I’ll let the words internally contradictory and insufficiently supported sit out there for a few moments, just so everyone can bask in the irony and unintentional comedy meter break all records. Shall we recall how credible “Curveball”, the forged yellowcake documents, Chalbi, the mobile bioweapons labs and “slam dunk” evidence about aluminum tubes were?



But back in late 2002, Bolton’s own Department was knee deep in pushing the “Niger uranium” lies
even though this was clearly not the case as pointed out by the State Department months earlier in a prior report not incorporated into the final NIE. Of course, this made it into the SOTU address a month or so later, adding to the reliance on made up evidence that was not based in fact.



And the ethically challenged Podhoretz was not shy about praising the 2002 NIE when he defended Bush a few years ago in another ironically titled post “Who is lying about Iraq?”:

George Tenet, his own CIA director, assured him that the case was “a slam dunk.” This phrase would later become notorious, but in using it, Tenet had the backing of all fifteen agencies involved in gathering intelligence for the United States.
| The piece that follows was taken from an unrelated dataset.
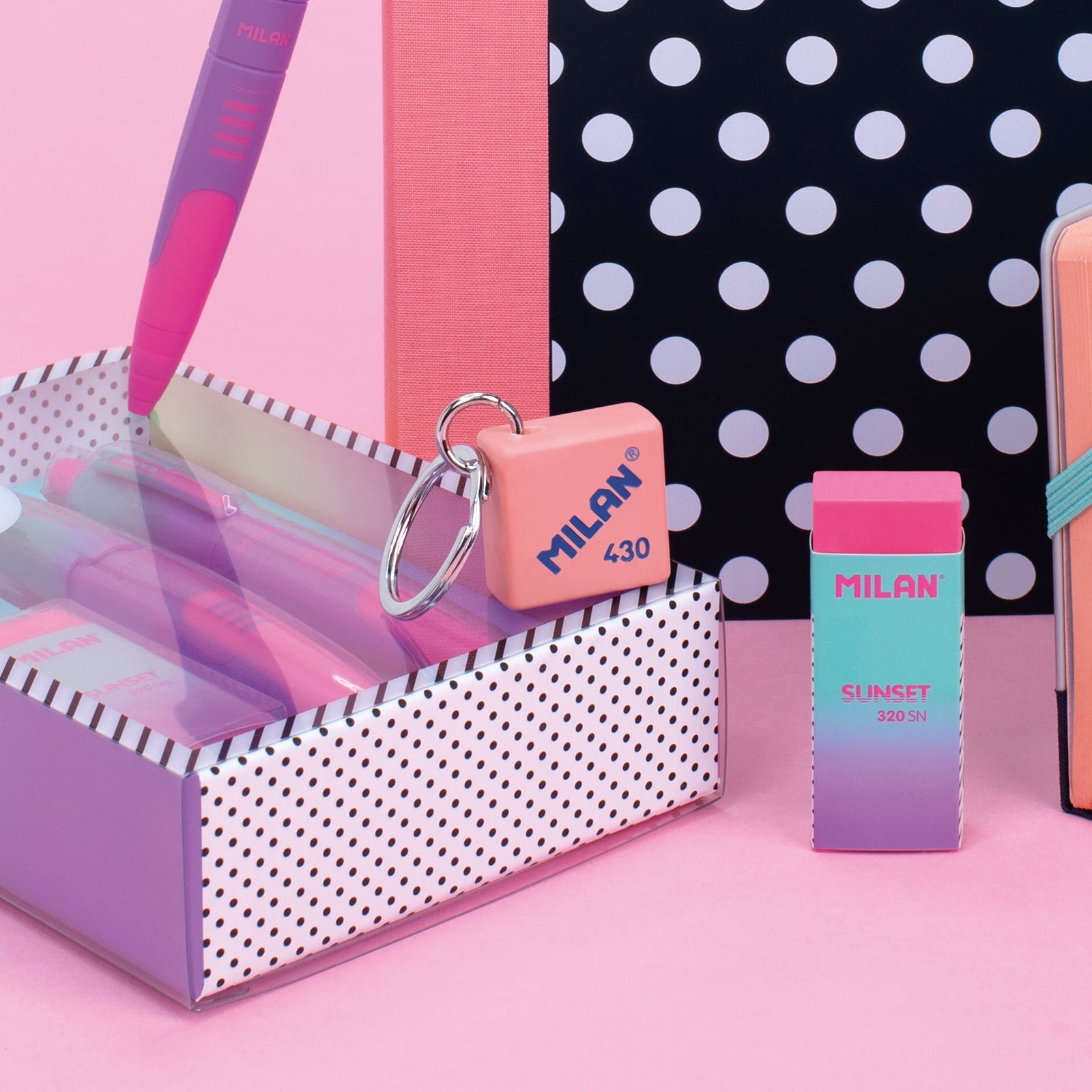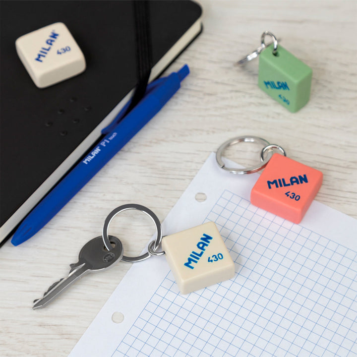 Juego de 2 Llaveros con la forma y diseño de la icónica goma de borrar MILAN 430 fabricada en 1918, un detalle original que no dejará indeferente a nadie. Todo un simbolo respetando la tradición de mas 100 años y los colores originales.
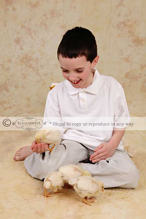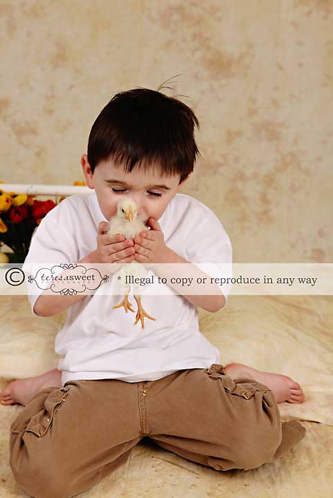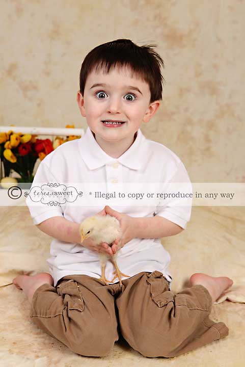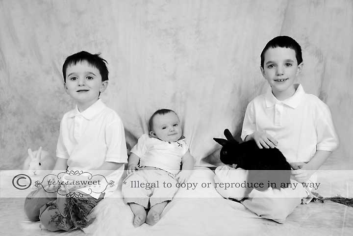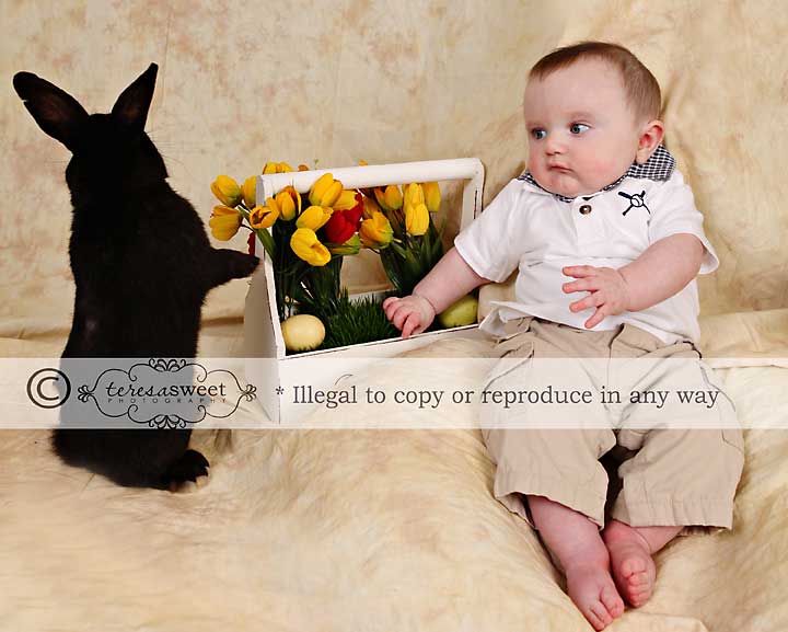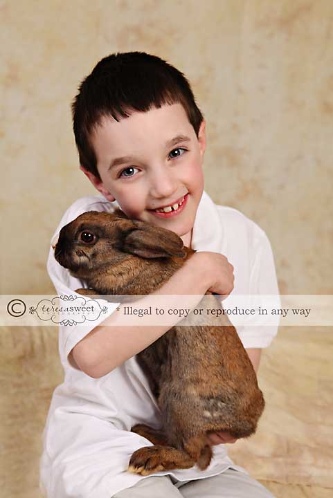 Ty wanted nothing to do with the camera, hubby is behind the backdrop trying to hold him still, Tyler’s grabbing the flowers and trying to eat them, I’m chasing the bunnies, trying to fix Ty from slipping, etc etc etc…lol

In the National Intelligence Estimate (NIE) of 2002, where their collective views were summarized, one of the conclusions offered with “high confidence” was that



Iraq is continuing, and in some areas expanding its chemical, biological, nuclear, and missile programs contrary to UN resolutions.



Michael Ledeen, another very fine upstanding credible and rational individual swore up and down that the Iraq uranium claim was accurate suddenly had an about face when the facts don’t fit his outlook of the world.



We can’t forget David Wurmser, a man who is tied to John Bolton, Dick Cheney, the PNAC, Paul Wolfowitz , Chalabi and the American Enterprise Institute. Oh yeah, he has also been investigated for espionage related to passing information along to Israel, wrote an article about overthrowing Saddam in 1997, and most importantly, was one of the most important people when it came to the “disinformation campaign” about Iraq after 9/11:

Just after September 11, 2001, Feith and Rhode recruited David Wurmser, the director of Middle East studies for AEI, to serve as a Pentagon consultant.



Wurmser would be the founding participant of the unnamed, secret intelligence unit at the Pentagon, set up in Feith's office, which would be the nucleus of the Defense Department's Iraq disinformation campaign that was established within weeks of the attacks in New York and Washington. While the CIA and other intelligence agencies concentrated on Osama bin Laden's Al Qaeda as the culprit in the 9/11 attacks, Wolfowitz and Feith obsessively focused on Iraq. It was a theory that was discredited, even ridiculed, among intelligence professionals. Daniel Benjamin, co-author of The Age of Sacred Terror, was director of counterterrorism at the National Security Council in the late 1990s. "In 1998, we went through every piece of intelligence we could find to see if there was a link between Al Qaeda and Iraq," he says. "We came to the conclusion that our intelligence agencies had it right: There was no noteworthy relationship between Al Qaeda and Iraq. I know that for a fact." Indeed, that was the consensus among virtually all anti-terrorism specialists.

In short, Wurmser, backed by Feith and Rhode, set out to prove what didn't exist.



And what did the man who had so much to do with getting the public to believe the lies about Iraq have to say about this NIE?
"One has to look at the agendas of the primary movers of this report, to judge how much it can really be banked on," said David Wurmser, a former Middle East adviser to Vice President Dick Cheney, who has worked with the report authors.


Actually, that may break the John Bolton record for the irony/unintentional comedy meter.



In all this hemming and hawing about how the 2007 NIE on Iran is “poorly supported”, “controversial”, “politically motivated”, “questionable” or whatever other negative adjective that the right wing warmongers can conjure up, one thing is clear:



They were all for the NIE findings before they were against them.